I cried tonight. Which is a shame because really I should be over this shit.
But I saw my ex last night. And I have so much hatred for him inside of me still. He never apologized for so many terrible things he did, yet he expects me to treat him nicely and be cool when he’s around. I’m supposed to let him play beer pong with me, like we’re all good. I’m supposed to let him sit in the same room as me, like he didn’t hurt me repeatedly. I’m supposed to be polite, like he deserves it. When really, I just want to hurl heavy objects at him until he disappears because he is a bad, bad person.
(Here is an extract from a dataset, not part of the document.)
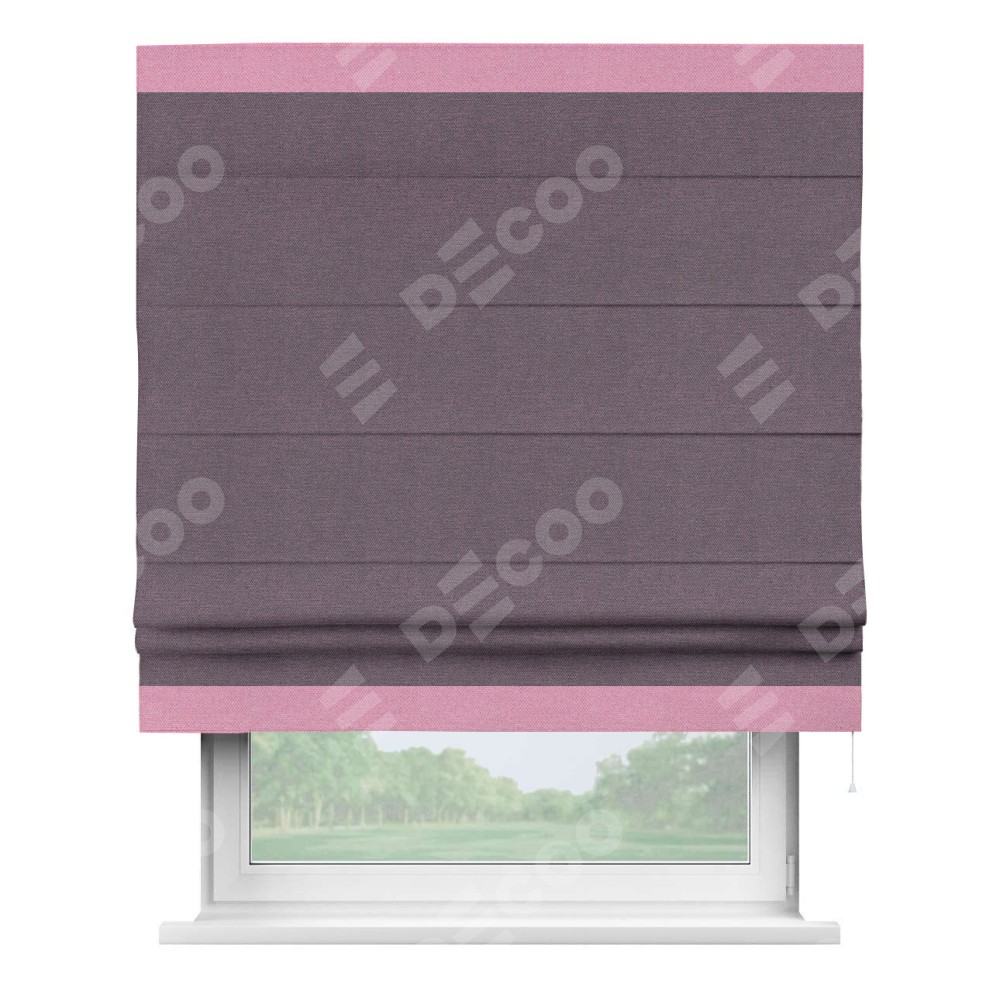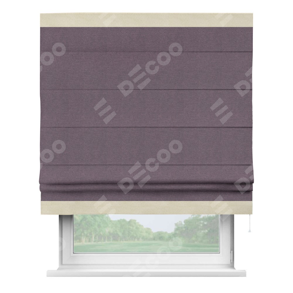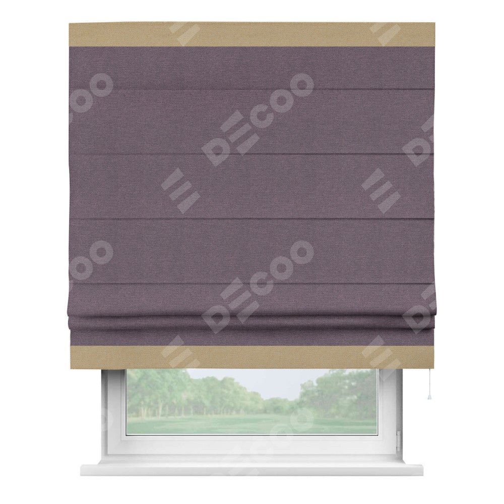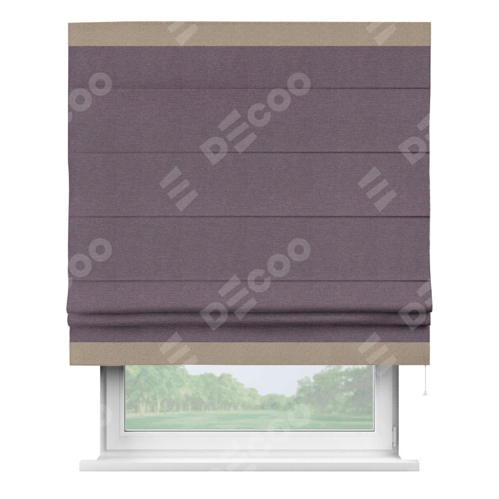 Римская штора «Кортин» с кантом Горизонт, для проема, ткань лён димаут, светло-фиолетовый

When I got home, I saw that he’d texted me, passing judgement on my life and acting superior to me because he has a girlfriend. He seems to think that I am “desperate” and “sad” because I dance with my friends in bars and those friends happen to be male. I responded with all the nonchalance of drunkenness.
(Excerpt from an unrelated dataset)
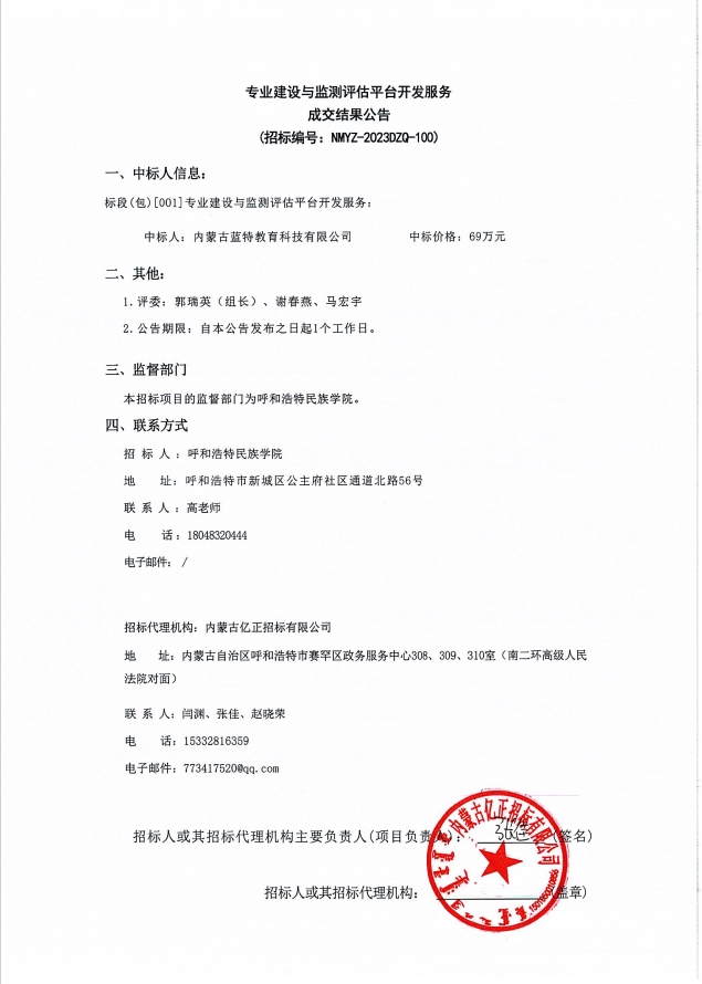 YABO鸭脖智慧课堂系统开发服务、教学质量评价开发服务项目成交结果

But this morning, when I had to wake up to go into work on my weekend, I was filled with hatred. So I texted an addendum that was biting and mean. And when I was sitting through boring professional development, he and I threw insults back and forth. Trying to hurt each other some more. Because you can never have too much of that.
It’s really quite ironic when he tries to make me jealous of his relationship. I could have a relationship if I so desired… He actually asked me today why I don’t have a boyfriend yet. I didn’t answer him honestly because he doesn’t deserve any answers from me. But the truth of the matter is that he is the reason I don’t have a boyfriend yet. I am so absolutely petrified that it’s going to be the same story. I am so scared of being hurt again. I’ve got all sorts of walls up around me after all his shit. And every time we communicate, the walls go up a little higher. Because fuck all if relationships aren’t just a pair of people trying to get away with as much selfishness as possible, with a chintzy facade of love to justify it all.
Deep breath. The bitterness will pass. Inshaallah.